"Do you feel easier, dear?" asked Eugénie, gently bending over the bed.
"Yes," replied Kitty in a slow, tired voice. "Better now; it will soon be over. You--you will look after my child?"
"I promise you, I will," said Eugénie fervently. "Would you like to see a minister?"
Kitty smiled with a touch of her old cynicism, and then her eyes filled with tears.
"A minister, yes," she said in a faltering voice. "God help me! and I was a minister's daughter. Look at me now, fallen and degraded, dying, with my life before me, and glad--yes, glad to die."

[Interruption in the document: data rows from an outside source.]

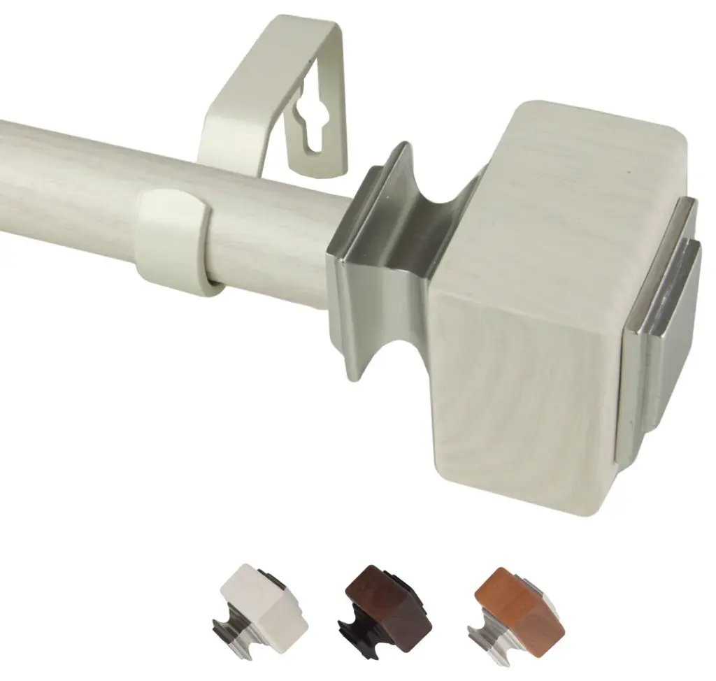 Presenting the newly designed faux wood curtain rod set. Give your window treatment a natural look with this 1 inch diameter rod, beautifully complimenting any window. Includes telescoping steel pole, mounting hardware, brackets, and 2 finials Projection: 3.625" Finial measurement: 3.5" W x 2.5" H x 2.5" D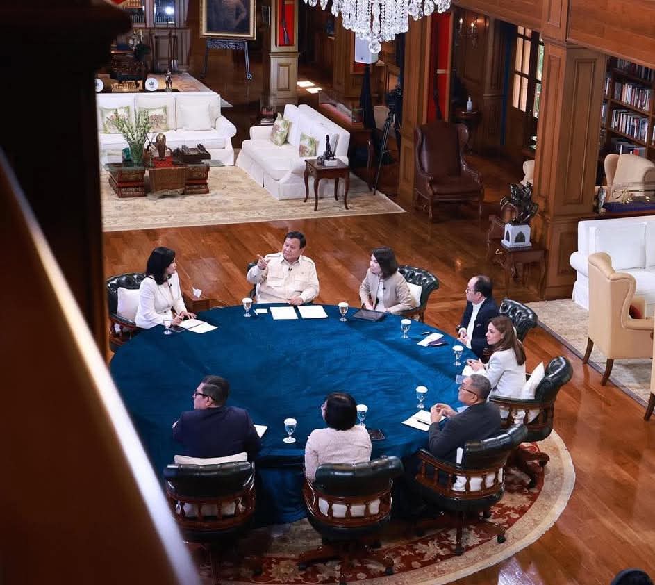 Dalam perbincangan yang berlangsung hampir 4 jam, Presiden Prabowo menerapkan 1 ground rules: Semua boleh bertanya apa saja on the record. Tidak ada pertanyaan yang disampaikan sebelumnya ke Presiden atau timnya.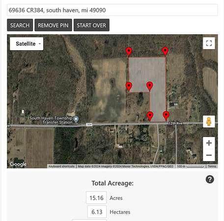 Welcome to this gorgeous ~ 15 acre parcel, less than 5 miles from Lake Michigan. This land is the perfect place for someone to call home, located 3 miles to downtown South Haven, 1 1/2 miles to the nearest golf course, and 1 mile to Maple Grove Elementary. There is easy access to major grocery stores (Meijer, Aldi, and Walmart), and just1 mile off M-43 for easy travel to and from Kalamazoo. The land being sold is the south east field of a 95 acre parcel on CR 384, which will need to be surveyed and divided.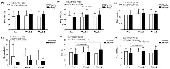 We recorded the subjects’ sleep quality each night using a wearable device and presented this as an average weekly recording (Figure 5). We found that there were no significant differences in weekly sleep time, light sleep time, deep sleep time, wake time, or rapid eye movement (REM) sleep time between the placebo group and the DAZZEON αSleep® group. However, after adding the deep sleep time and REM time, we found that after 14 consecutive days of the intervention, the DAZZEON αSleep® group showed a significant 1.28-fold (F(1, 22) = 6.805, p = 0.016) improvement compared with the placebo group. In addition, after one and two weeks of continuous recording, only the REM and REM + deep sleep times of the DAZZEON αSleep® group were significantly increased compared with before the intervention (p < 0.05). Light sleep (F(2, 44) = 4.213, p = 0.021, η2 = 0.161) and REM time (F(2, 44) = 5.137, p = 0.010, η2 = 0.189) showed significant time effects, and deep sleep (F(2, 44) = 5.351, p = 0.008, η2 = 0.196), REM (F(2, 44) = 15.010, p < 0.001, η2 = 0.406), and REM + deep sleep time (F(2, 44) = 15.008, p < 0.001, η2 = 0.406) showed significant group × time effects.

In obedience to a sign from Eugénie, Keith had slipped out of the room in order to bring the clergyman, and Kitty lay quiet, with the clear light of the evening shining on her pale face.
"Give me my child," she said at length, and then, as she took Meg to her breast and kissed her, she wept bitterly.
"God bless you, my darling," she sobbed; "think of me with pity. Eugénie, never--never let her know what I was. Let her believe me to have been a good woman. If I have sinned, see how I was tempted--see how I have suffered--let my child think her mother was a good woman."
Eugénie, crying bitterly, promised this, and then tried to take Meg away.
"Mumsey," said Meg, clinging to her mother, "why do you cry? Where are you going?"